■ BRIEF: In your copy, include every line of the records exactly and no picture at all.

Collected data
*-*-*
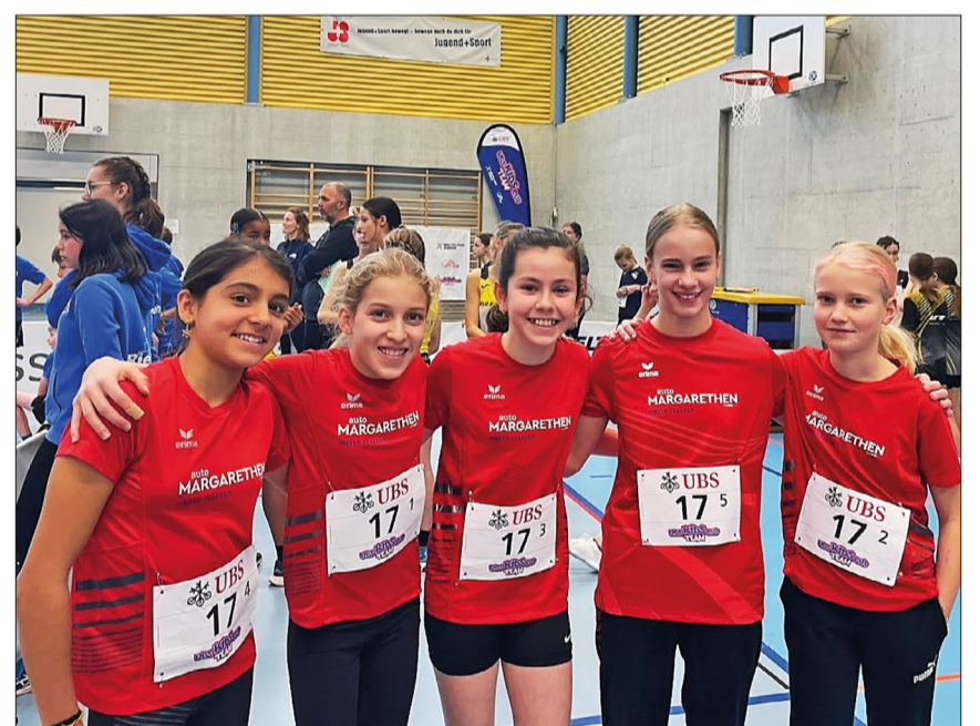
U14 Girls-Team am Kids Cup in Therwil
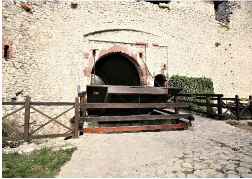
35. kép A Belső kaputorony a felvonóhiddal, Sümegi vár

Közben megérkezünk a kikövezett meredek úton a Külső kaputoronyhoz . A kaptató után érhető, hogy a várat legtöbbször csellel foglalták el, a meredek hegyoldallal nagyobb ostromló török sereg sem próbálkozott soha. A kapu melletti Sennyei bástya romján áll a kapu fölött az építető püspök címere. A pártázatos külső várfal és a belső vár közti falszorosban elérjük Belső kaputornyot , amelyen egy három méter széles felvonóhidas lovaskapu mellett a gyalogkapun jutunk be, a Kapuközön át, a belső udvarra.
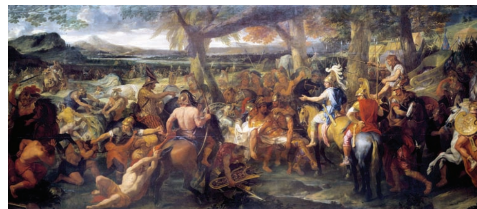
Charles Le Brun (1619-1690), Alessandro e Poro, 1673 .

Ad Alessandro, sempre secondo Curzio Rufo, le cifre fornite da Fegeo parvero inverosimili: chiese quindi a Poro, che lo accompagnava nell'avanzata verso Oriente, di confermarle. Poro gli disse che, a suo avviso, Fegeo non aveva esagerato, aggiungendo alcune informazioni interessanti sulla situazione dinastica del re dei gangaridi, uomo di bassa estrazione sociale giunto al potere grazie al padre, a sua volta capace di sedurre la regina locale e poi colpevole di averne eliminato i discendenti diretti. C'era quindi la possibilità che la sua autorità sovrana non fosse tanto salda da resistere a un attacco diretto, e che tra i sudditi si potessero trovare degli elementi disposti a collaborare. Alessandro prese probabilmente nota delle informazioni ricevute ma, come suo solito, non si preoccupò granché della forza militare del nemico, né dei suoi elefanti, dei quali aveva già compreso la scarsa efficacia tattica di fronte a un'armata organizzata e addestrata come la sua. Temeva però, sempre secondo Curzio Rufo, «la natura dei luoghi e l'irruenza dei fiumi»; e forse lo spazio, che sembrava continuare ad ampliarsi a dismisura. La valutazione fornita da Fegeo riguardo la distanza da percorrere per raggiungere «il maggior corso d'acqua di tutta l'India» era sostanzialmente corretta: tra l'Ifasi all'altezza della città di Jalandhar e l'alto corso del Gange, infatti, ci sono circa 320 km, che
*-*-*
■ WRITTEN SOLUTION:
U14 Girls-Team am Kids Cup in Therwil
35. kép A Belső kaputorony a felvonóhiddal, Sümegi vár

Közben megérkezünk a kikövezett meredek úton a Külső kaputoronyhoz . A kaptató után érhető, hogy a várat legtöbbször csellel foglalták el, a meredek hegyoldallal nagyobb ostromló török sereg sem próbálkozott soha. A kapu melletti Sennyei bástya romján áll a kapu fölött az építető püspök címere. A pártázatos külső várfal és a belső vár közti falszorosban elérjük Belső kaputornyot , amelyen egy három méter széles felvonóhidas lovaskapu mellett a gyalogkapun jutunk be, a Kapuközön át, a belső udvarra.
Charles Le Brun (1619-1690), Alessandro e Poro, 1673 .

Ad Alessandro, sempre secondo Curzio Rufo, le cifre fornite da Fegeo parvero inverosimili: chiese quindi a Poro, che lo accompagnava nell'avanzata verso Oriente, di confermarle. Poro gli disse che, a suo avviso, Fegeo non aveva esagerato, aggiungendo alcune informazioni interessanti sulla situazione dinastica del re dei gangaridi, uomo di bassa estrazione sociale giunto al potere grazie al padre, a sua volta capace di sedurre la regina locale e poi colpevole di averne eliminato i discendenti diretti. C'era quindi la possibilità che la sua autorità sovrana non fosse tanto salda da resistere a un attacco diretto, e che tra i sudditi si potessero trovare degli elementi disposti a collaborare. Alessandro prese probabilmente nota delle informazioni ricevute ma, come suo solito, non si preoccupò granché della forza militare del nemico, né dei suoi elefanti, dei quali aveva già compreso la scarsa efficacia tattica di fronte a un'armata organizzata e addestrata come la sua. Temeva però, sempre secondo Curzio Rufo, «la natura dei luoghi e l'irruenza dei fiumi»; e forse lo spazio, che sembrava continuare ad ampliarsi a dismisura. La valutazione fornita da Fegeo riguardo la distanza da percorrere per raggiungere «il maggior corso d'acqua di tutta l'India» era sostanzialmente corretta: tra l'Ifasi all'altezza della città di Jalandhar e l'alto corso del Gange, infatti, ci sono circa 320 km, che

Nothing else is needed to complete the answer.